** Opening Records for processing block **
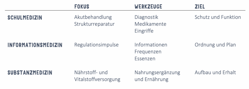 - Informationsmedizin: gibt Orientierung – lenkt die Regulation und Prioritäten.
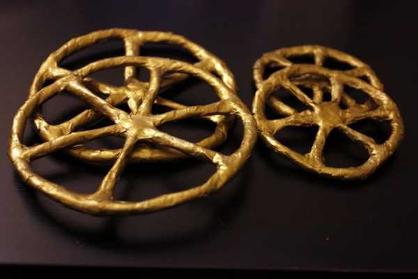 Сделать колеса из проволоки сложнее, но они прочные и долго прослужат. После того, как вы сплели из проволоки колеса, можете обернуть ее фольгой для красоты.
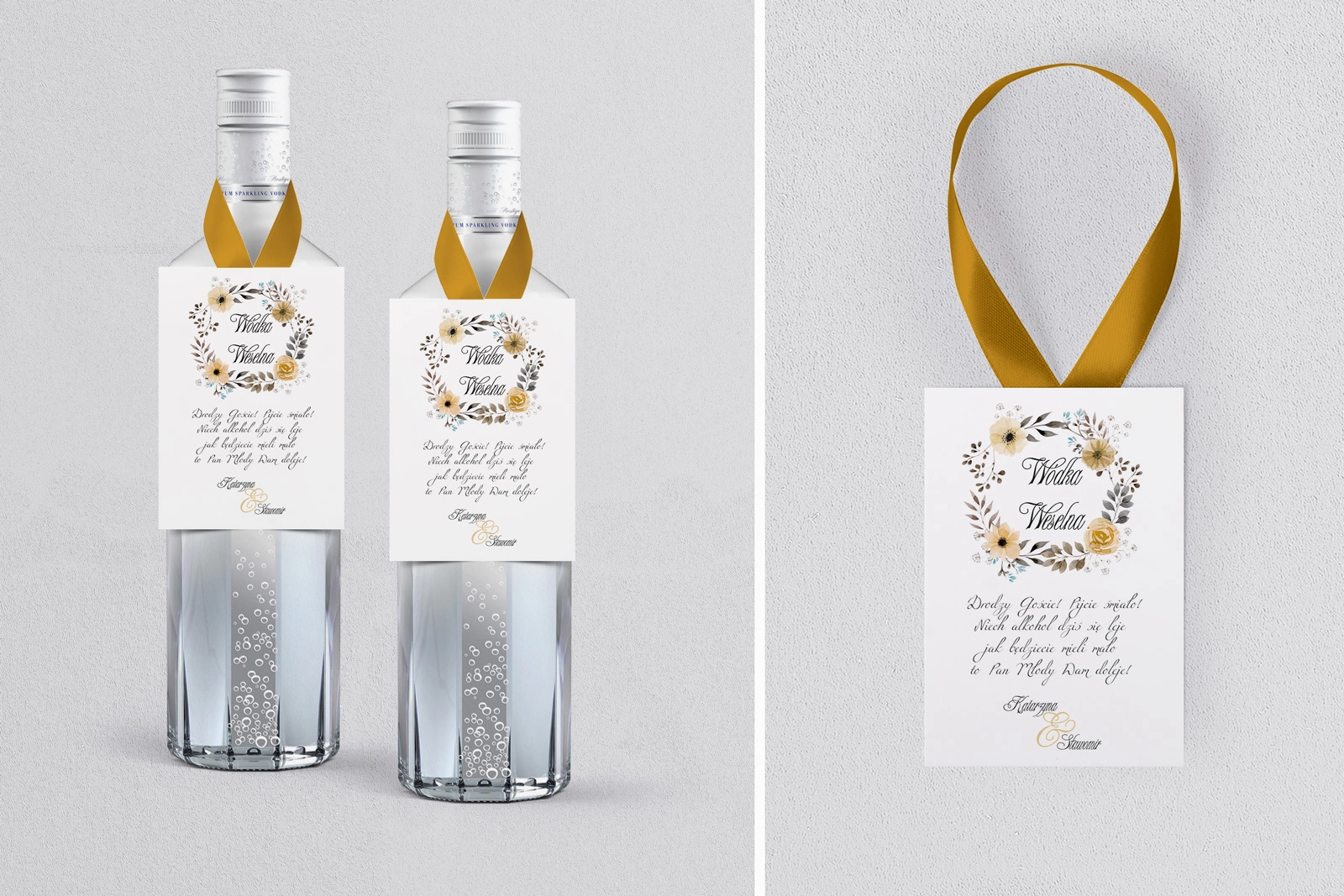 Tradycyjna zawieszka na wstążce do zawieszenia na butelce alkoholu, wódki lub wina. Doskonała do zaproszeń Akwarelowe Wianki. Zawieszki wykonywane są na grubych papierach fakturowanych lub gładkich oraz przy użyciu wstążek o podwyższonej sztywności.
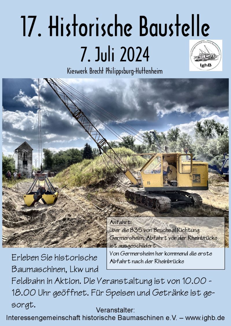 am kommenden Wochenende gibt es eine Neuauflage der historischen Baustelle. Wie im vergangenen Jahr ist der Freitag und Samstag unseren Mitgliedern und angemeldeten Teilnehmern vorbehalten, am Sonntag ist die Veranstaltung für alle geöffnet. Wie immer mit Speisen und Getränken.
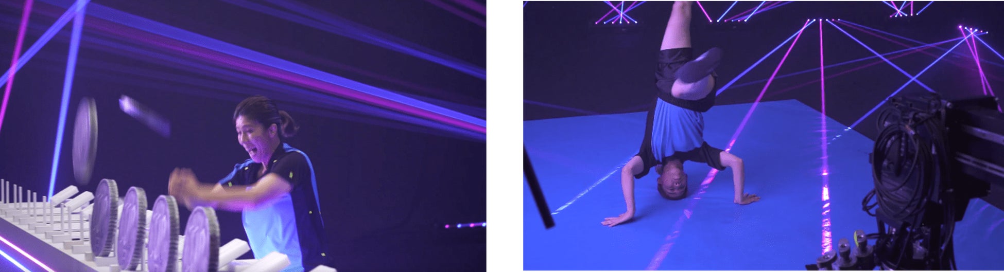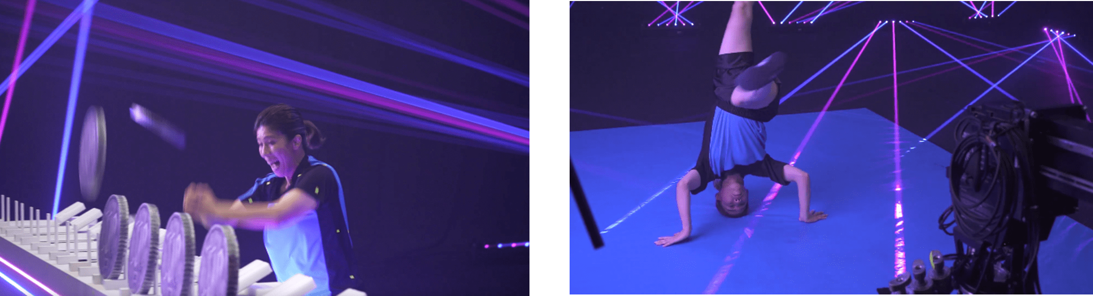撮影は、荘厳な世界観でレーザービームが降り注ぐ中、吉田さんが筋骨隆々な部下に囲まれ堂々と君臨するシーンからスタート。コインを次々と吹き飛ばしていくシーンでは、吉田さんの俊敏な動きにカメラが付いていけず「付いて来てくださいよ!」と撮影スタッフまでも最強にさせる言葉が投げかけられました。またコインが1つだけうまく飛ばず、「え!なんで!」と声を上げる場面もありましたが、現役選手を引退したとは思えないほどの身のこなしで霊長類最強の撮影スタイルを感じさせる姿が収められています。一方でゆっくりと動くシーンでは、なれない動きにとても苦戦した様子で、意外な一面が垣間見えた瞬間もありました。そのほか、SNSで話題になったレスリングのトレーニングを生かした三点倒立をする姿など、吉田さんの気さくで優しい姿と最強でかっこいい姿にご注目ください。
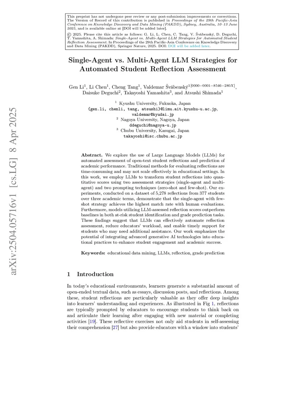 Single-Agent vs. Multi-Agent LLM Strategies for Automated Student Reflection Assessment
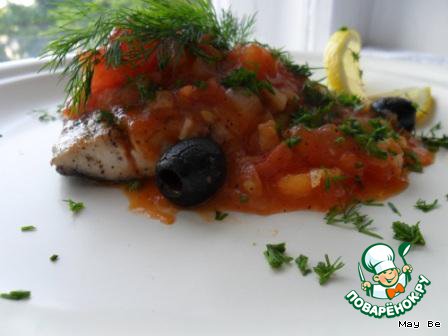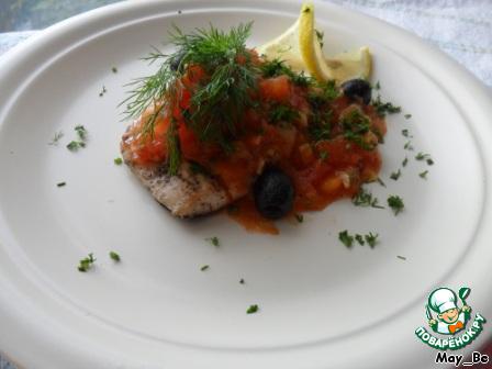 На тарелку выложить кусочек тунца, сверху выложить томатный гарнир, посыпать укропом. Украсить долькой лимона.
** Closing Records for processing block **
- Task goal: Would you retype the entries above in full, exactly as written, minus the pictures?

- Written reply:
 - Informationsmedizin: gibt Orientierung – lenkt die Regulation und Prioritäten.
 Сделать колеса из проволоки сложнее, но они прочные и долго прослужат. После того, как вы сплели из проволоки колеса, можете обернуть ее фольгой для красоты.
 Tradycyjna zawieszka na wstążce do zawieszenia na butelce alkoholu, wódki lub wina. Doskonała do zaproszeń Akwarelowe Wianki. Zawieszki wykonywane są na grubych papierach fakturowanych lub gładkich oraz przy użyciu wstążek o podwyższonej sztywności.
 am kommenden Wochenende gibt es eine Neuauflage der historischen Baustelle. Wie im vergangenen Jahr ist der Freitag und Samstag unseren Mitgliedern und angemeldeten Teilnehmern vorbehalten, am Sonntag ist die Veranstaltung für alle geöffnet. Wie immer mit Speisen und Getränken.
撮影は、荘厳な世界観でレーザービームが降り注ぐ中、吉田さんが筋骨隆々な部下に囲まれ堂々と君臨するシーンからスタート。コインを次々と吹き飛ばしていくシーンでは、吉田さんの俊敏な動きにカメラが付いていけず「付いて来てくださいよ!」と撮影スタッフまでも最強にさせる言葉が投げかけられました。またコインが1つだけうまく飛ばず、「え!なんで!」と声を上げる場面もありましたが、現役選手を引退したとは思えないほどの身のこなしで霊長類最強の撮影スタイルを感じさせる姿が収められています。一方でゆっくりと動くシーンでは、なれない動きにとても苦戦した様子で、意外な一面が垣間見えた瞬間もありました。そのほか、SNSで話題になったレスリングのトレーニングを生かした三点倒立をする姿など、吉田さんの気さくで優しい姿と最強でかっこいい姿にご注目ください。
 Single-Agent vs. Multi-Agent LLM Strategies for Automated Student Reflection Assessment
 На тарелку выложить кусочек тунца, сверху выложить томатный гарнир, посыпать укропом. Украсить долькой лимона.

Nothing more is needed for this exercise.